I am not sure that it is valid to every system, but I think it wouldn't hurt
to have commands defined like it is listed above.

So,here are the bugs, what I should do with them?
Should I bring them to the attention of the developers?
How I could bring them to the attention of the developers?

Also, I found a LOT of small bugs and bad regular expression conditions in
the scripts of InfProv and JM, which are not flexible at all and really
depends on an output of commands which are executed by scripts...
This is not good for the big software like LCG and take in account VERY BAD
Logging = Big problems, even when you are trying to install the system on
the environment which is a little bit different than standard (RH + pbs) :)
I DON'T need the LOG when everything is Fine. I would need it when I got a
problem and here LCG log (some in the sys messages, gate keeper, gram) can't
help :( Or perhaps I couldn't find the proper log file... Please, Tell me,
which to use...

I think, may be, later on I will try to rise the question about LSF LCG job
manager and core of JM in the different topic, because it is purely hell
(mostly about design and implementation), no comments inside the code, NO
GOOD logging (when there is a problem it is almost impossible to understand
what is happening and why only by log files! So you are forced to go and
debug the code by yourself!!!) Because logging information mostly useless
and senseless. :(
LSF JM is very depends on the output form of LSF commands (you have one line
which is not expected by JM and you are failed! regular expression
conditions in the JM are very LSF output dependent. Step left, step right
and you are failed! and no info in the log, why?)
I spent complete week to track down the problems. It would make life much
easer if there will be at least comments in the code (IT IS A RULL of a
software development to use a comments) and get some good log.

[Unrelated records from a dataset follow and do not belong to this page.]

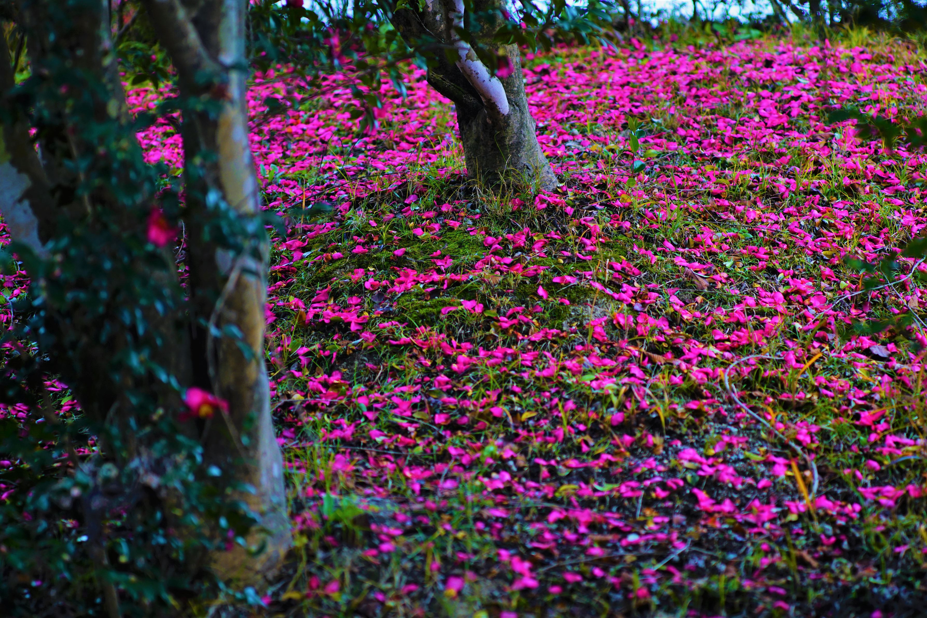 満開の山茶花を思い描いて訪れた公園… そこには、紅い花弁が地面を一面に覆っていました。 レンズ:「Leica Leitz CANADA ELMARIT-R 1:2.8/135」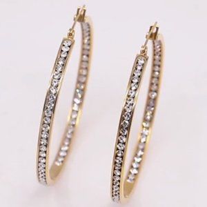 Gold hoops with clear pave channeled rhinestones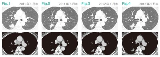 案例:60歲女性 無(wú)吸煙史 2011年1月診斷為T(mén)4N3M1a肺腺癌(肺內(nèi)及鎖骨上淋巴結(jié)轉(zhuǎn)移)。2011年3月初開(kāi)始CDDP+PEM+BV化療,并切除了右鎖骨上淋巴結(jié),將切除淋巴結(jié)溶解制作DC疫苗,以待后用。至6月,CDDP+PEM+BV治療4次,細(xì)胞療法3次,發(fā)現(xiàn)腫瘤縮小(PR),隨機(jī)停止聯(lián)合化療,7月開(kāi)始維持治療僅使用貝伐+細(xì)胞療法,觀察至2015年5月底腫瘤未進(jìn)展。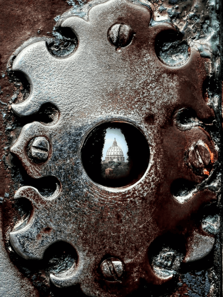 The Aventine Keyhole offers a unique view of Rome that few people know about. It is located on Aventine Hill, at the door of the Knights of Malta Priory. Visitors are often surprised by the view through the keyhole, which perfectly frames the dome of St. Peter's Basilica, bordered by lush hedges. This hidden gem feels like looking through a tiny lens into the heart of Rome.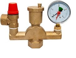 Предназначена для защиты закрытых систем отопления с тепловой мощностью до 100 кВт от избыточного давления и завоздушивания. Представляет собой предохранительный клапан, автоматический водухоотводчик (с запорным клапаном) и манометр. Присоединения консоли к системе стандартная трубная внутренняя резьба. Монтаж в вертикальном положении на участке трубопровода выше котла. Установка запорной арматуры между котлом и группой безопасности недопустима.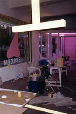 Yellowesk II, Sperrholzbau bezogen mit reflektierender Straßenmarkierung, 200 cm x 20 cm x 150 cm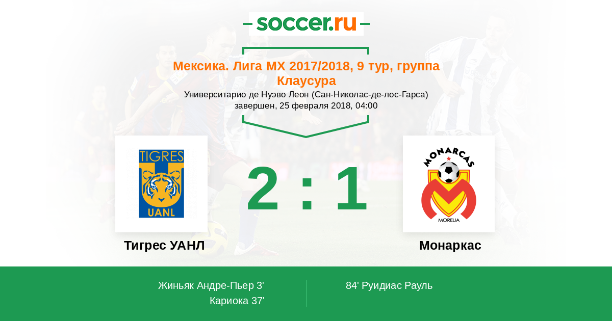 Протокол матча Тигрес УАНЛ против Монаркас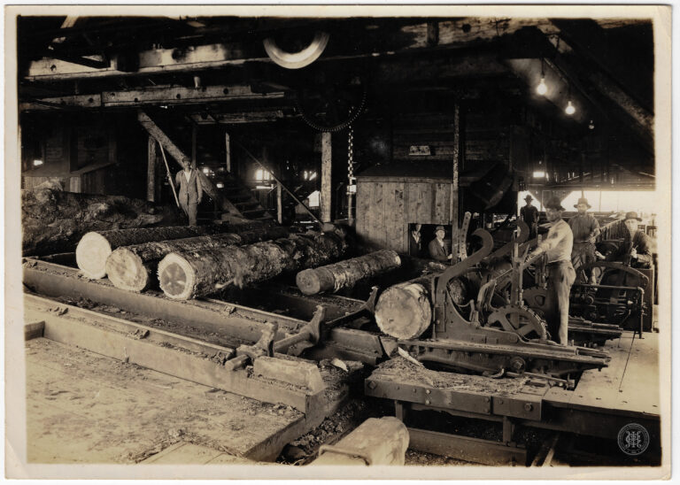 Interior de uma serraria em plena atividade
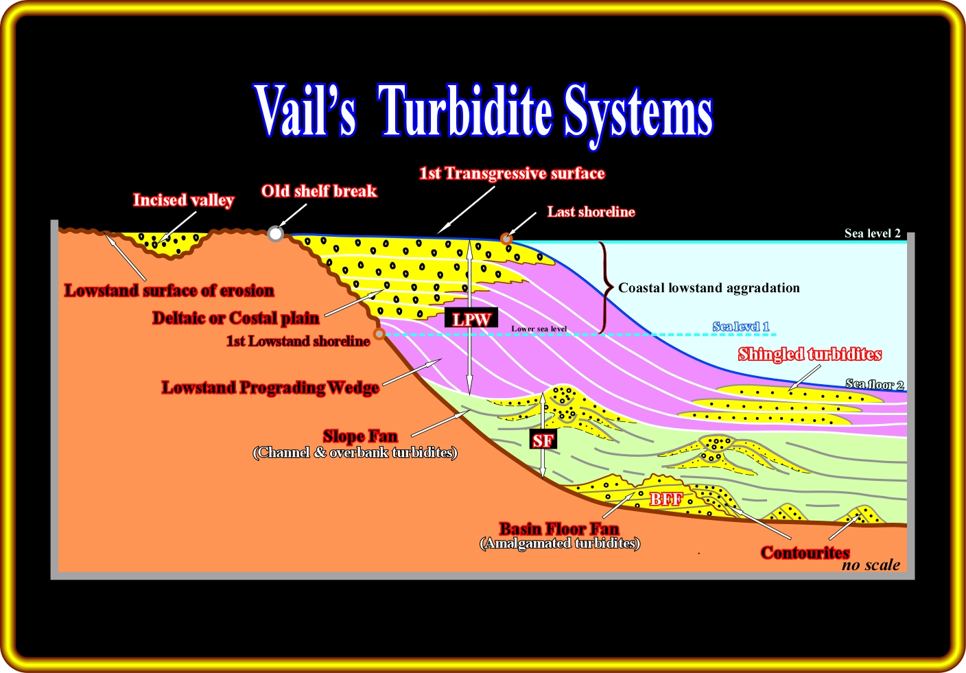 In a deep-water setting, that is to say, when the limit between the shelf break, or the depositional coastal break, and the continental slope is well marked, Vail's turbidite model can be illustrated as depicted on the above sketch. In fact, following a significant relative sea level fall (regional or global), the sea level falls below the shelf break and the continental platform (shelf) is exhumed. Therefore, the basin has no more platform (shelf). The depositional coastal break (roughly the shoreline) is displaced seaward of the old shelf break, creating regional, or global, lowstand geological conditions. Such a displacement disrupts the provisional equilibrium profile of the rivers, which are obliged to cut into the old sediments forming incised valleys in order to establish new provisional equilibrium profiles. Such erosion, created by a significant relative sea level fall, substantially increases the terrigeneous influx. The sediments are discharged on the upper part of the continental slope (the basin has no shelf) and trigger turbidity currents which transport the sediments downward to the deeper parts of the basin, where they are deposited as basin floor (BFF) or slope fans (SF). As the relative sea level starts rising, a lowstand prograding wedge (LPW) fossilizes the turbidite deposits. However, as the lowstand prograding wedge is deposited, instabilities on the upper slope or catastrophic flush floods, can create significant slumps of sandprone material, which will be deposed at the toe of the lowstand progradations forming what geoscientist call shingled turbidites.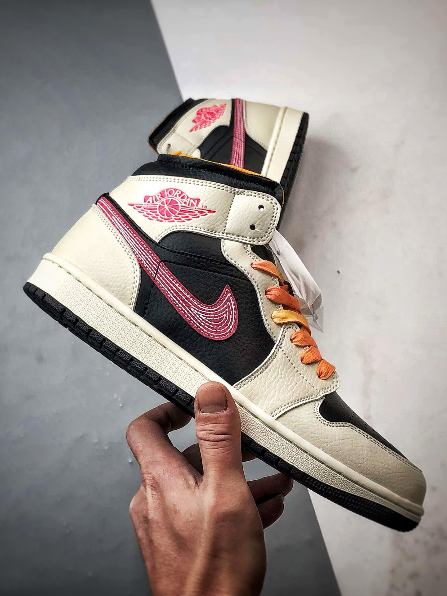 AJ1 Mid米黑粉配色,全新批次采用原厂定制皮料与正确折边工艺,搭配原装原模大底,细节完美。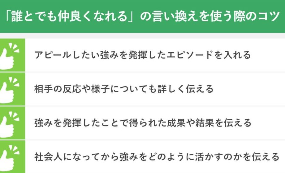 誰とでも仲良くなれる能力の言い換えは、そのスキルを効果的に表現するために重要です。この能力を具体的に伝えることで、他者とのコミュニケーションが円滑になり、関係構築が進みます。言い換えのスキルは、日常生活や職場での対人関係を豊かにする要素です。

I do understand what the software development is, so I DO respect the work
of LCG developers, but some things should be done (IMHO), at least comments
and the more useable log.

I am not sure either all of this is a problem or it is just for me seems to
be a problem. In any case I would really love to see some comments on this
topic.

Good luck to you all. And Good luck to LCG DTeam in making our software the
best!

Cheers,

Anar